Voilà les principaux objets que nous offre le vaste empire de la mer ; des milliers d’habitants de différentes espèces en peuplent toute l’étendue : les uns, couverts d’écaillés légères, en traversent avec rapidité les différents pays ; d’autres, chargés d’une épaisse coquille, se traînent pesamment et marquent avec lenteur leur route sur le sable ; d’autres, à qui la nature a donné des nageoires en forme d’ailes, s’en servent pour s’élever et se soutenir dans les airs ; d’autres enfin, à qui tout mouvement a été refusé, croissent et vivent attachés aux rochers ; tous trouvent dans cet élément leur pâture ; le fond de la mer produit abondamment des plantes, des mousses et des végétations encore plus singulières ; le terrain de la mer est de sable, de gravier, souvent de vase, quelquefois de terre ferme, de coquillages, de rochers, et partout il ressemble à la terre que nous habitons.
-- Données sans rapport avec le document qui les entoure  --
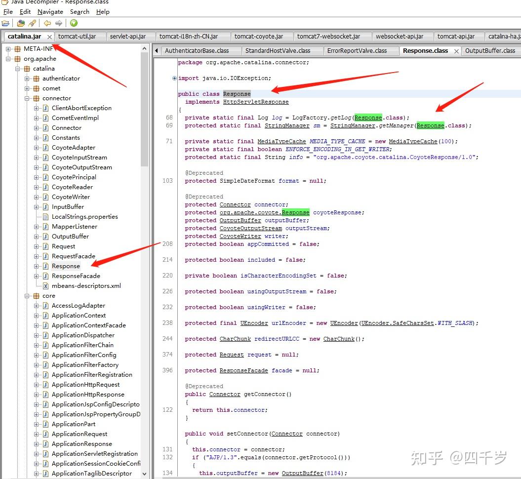 可以看到HttpServletResponse的真正实现类是org.apache.catalina.connector.Response,看下Response的源码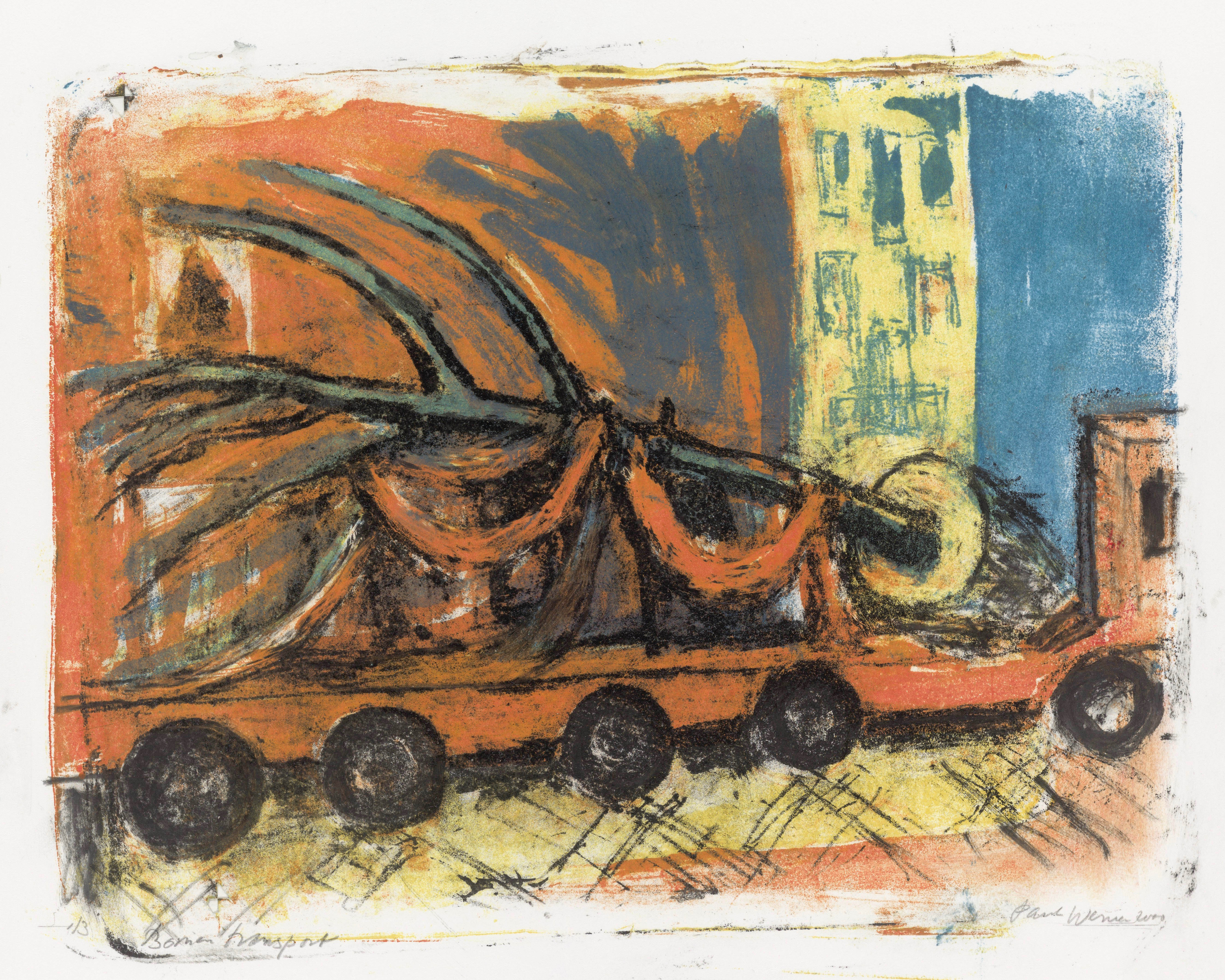 In the neighborhood of the artist one day in 2000 a large tree was transported by car. Paul Werner loves trees very much. This transport was in his own street where he live, in Amsterdam city.. He made a gouache painting after a fast sketch and later this color-lithography in a very small edition of 3 prints.Owner of this color-lithography print 1/3 - is the Amsterdam City Archives - Beeldbank Amsterdam

Voyageons maintenant sur la partie sèche du globe, quelle différence prodigieuse entre les climats ! quelle variété de terrains ! quelle inégalité de niveau ! mais observons exactement, et nous reconnaîtrons que les grandes[4] chaînes de montagnes se trouvent plus voisines de l’équateur que des pôles ; que, dans l’ancien continent, elles s’étendent d’orient en occident beaucoup plus que du nord au sud, et que dans le nouveau monde elles s’étendent au contraire du nord au sud beaucoup plus que d’orient en occident ; mais ce qu’il y a de très remarquable, c’est que la forme de ces montagnes et leurs contours, qui paraissent absolument irréguliers[5], ont cependant les directions suivies et correspondantes[6] entre elles, en sorte que les angles saillants d’une montagne se trouvent toujours opposés aux angles rentrants de la montagne voisine qui en est séparée par un vallon ou par une profondeur. J’observe aussi que les collines opposées ont toujours à très peu près la même hauteur, et qu’en général les montagnes occupent le milieu des continents et partagent dans la plus grande longueur les îles, les promontoires et les autres[7] terres avancées. Je suis de même la direction des plus grands fleuves, et je vois qu’elle est toujours presque perpendiculaire à la côte de

  1. Les calmes et les tornados de la mer Éthiopique.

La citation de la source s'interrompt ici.